Le réalisateur de Mireille dans la vie des autres (1979) a repris Chantal Descampagne qui interprétait Edwige, l'une des deux filles de la bande des quatre jeunes gens qui glandaient en attendant leur entrée dans la vie adulte dans le film. Un second long métrage de fiction, doux amer, sur la vie au quotidien d'une bande d'adolescents attardés qui préfèrent vivre plutôt que de se lancer dans la vie active avec son obsession de la compétitivité et de la rentabilité. En un mot, vivre plutôt que survivre dans les rouages d'une mécanique qui brise les rêves et formate les désirs.

Réalisateur 
« Je n'ai pas fait une pause volontaire entre la réalisation de Dupont, Durand, qui date de 1989, et Horrible», nous confie Jean-Marie Buchet. «Les films ne se sont pas faits. Il ne s'agit donc pas d'un retour au cinéma mais de la concrétisation d'un projet. J'ai travaillé sur divers projets qui n'ont pas abouti comme Passions froides lequel avait obtenu le soutien du Centre du Cinéma et de l'Audiovisuel mais qui a, malheureusement, perdu son producteur en cours de route. Le fait d'avoir repris Chantal Descampagne est dû au hasard. En montant Mireille, je me suis dit que cette fille, qui avait un rôle relativement secondaire, pouvait faire davantage. Entre-temps, elle est devenue enseignante et moi j'ai eu les pires difficultés à continuer de tourner. Et il y a un peu plus d'un an, on s'est rencontré dans un bus. On a échangé nos adresses. Lorsque j'ai monté Horrible, j'ai choisi Marcel Dossogne pour le rôle masculin et j'ai repris contact avec Chantal qui a accepté de tenir le rôle de arianne».

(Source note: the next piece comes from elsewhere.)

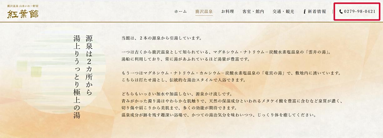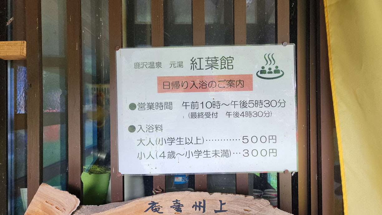 鹿沢温泉 元湯紅葉館(こうようかん) 日帰り入浴入口が閉まっているときは100番観音側から紅葉館フロントへ |
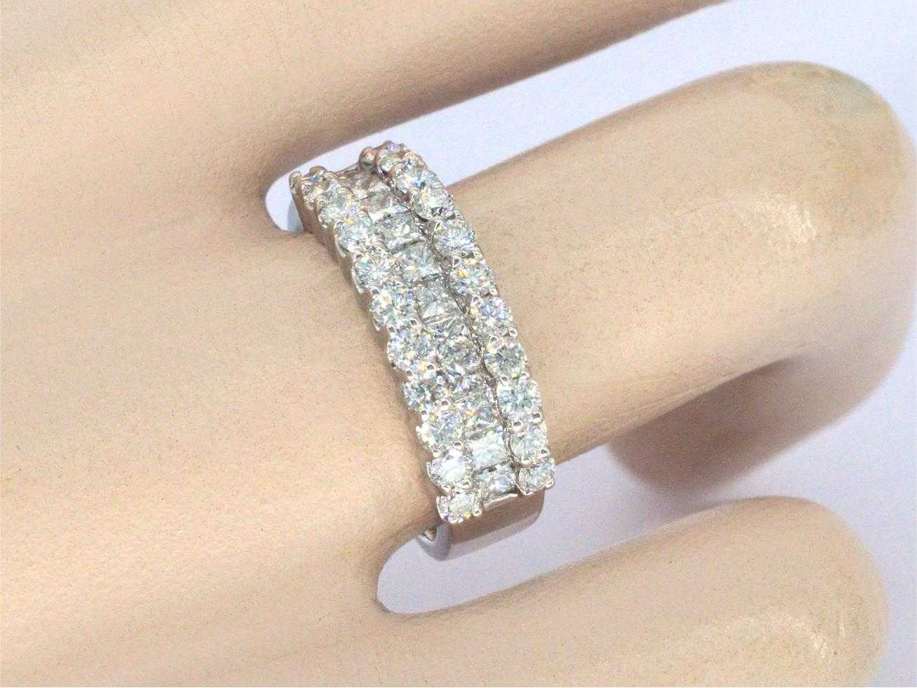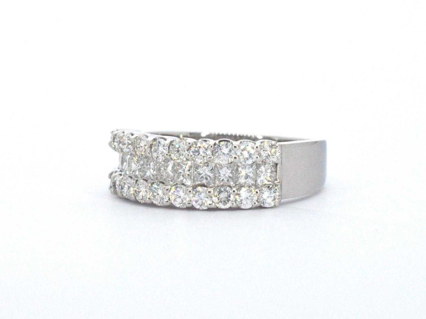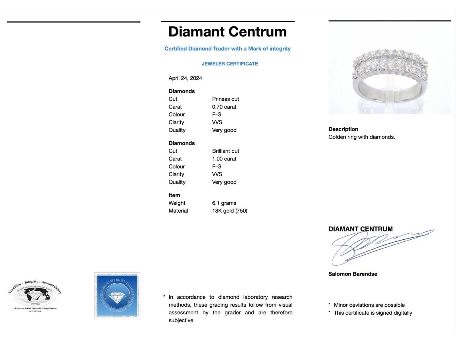 Samenvatting van gegevens Rijring met prinses en briljant geslepen diamanten van hoge kwaliteit Diamant: Natuurlijk; Aantal: 11 stuks; Slijpvorm: Prinses geslepen; Gewicht (carat): 0.70 carat; Kleur: F-G; Zuiverheid: VVS; Diamant (secundair): Diamant; Aantal diamanten: 22 stuks; Slijpvorm: Briljant geslepen; Gewicht (carat): 1.00 carat; Kleur: F-G; Zuiverheid: VVS; Juweel: Ring; Gewicht: 6.1 gram; Ringmaat (op maat gemaakt*): 54 (17.25 mm); Materiaal: 18k goud (750); Conditie: Zo goed als nieuw; Toelichting: De kwaliteit is overgenomen van het rapport behorend bij item. Within 14 days Materiaal: Goud Voornaamste diamant: Natuurlijk Gewicht diamant: 0.70ct Totaal gewicht: 6.1g Keurmerk: 750 Lage schatting: 11200€ Hoge schatting: 14000€ Kleur diamant: F-G Slijpvorm diamant: Prinses geslepen Zuiverheidsgraad diamant: VVS

«A l'origine d'Horrible, il y a l'Ordure ménagère, un long métrage que j'écris depuis des années et que je ne tournerai probablement pas. J'ai repris une idée que j'ai développée en 1999. Donc rien à voir avec Mireille, dont tu sembles imaginer, à tort, qu'il s'agit d'une suite de ses aventures conjugales. Quant à mon obsession de la nourriture (Cf. Hommage à Don Helder Camara), je ne sais pas exactement ce que cela signifie. Quand tu me l'as dit, j'ai immédiatement pensé au verre de bière dans les westerns. J'imagine que ça fonctionne comme une sorte de code.»

Mise en scène
 En fait, je n'aime pas écrire, c'est tellement épouvantable que je n'ose pas demander à quelqu'un de le faire à ma place. Tant et si bien que quand j'écris, il y a déjà toute la mise en scène qui s'installe dans ma tête. Horrible est relativement sobre, il y a une série de champs-contrechamps, avec plusieurs échelles de grandeur de plan. J'aime l'ascèse d'un Bresson (son refus de la psychologie théâtrale ou romanesque, sa dédramatisation plastique), sauf que lui fait quarante prises et moi trois au maximum, par souci d'économie. J'ai toujours travaillé avec de faibles budgets, au ras des pâquerettes, ce qui m'oblige à effectuer une préparation minutieuse. Pour Mireille, nous avons répété les scènes une semaine avant le début du tournage.
«D'une part, parce que ces jeunes gens avait une expérience limitée du jeu et, de l'autre, parce que c'était un film très complexe et qu'il fallait mettre les choses bien en place. Je suis un cinéaste de la prise de vues plutôt que du montage, celui-ci est une conséquence de la prise de vues. Il y a une chose qui me crispe dans le cinéma actuel, c'est qu'on fasse tout un cinéma sur le plateau et qu'on néglige le moment où l'on tourne et qui est le plus important à mes yeux. Conclusion, on va vite mais on n'a pas eu l'impression de galoper même si le tournage a pris moins de temps que prévu. On est concentré mais cool.»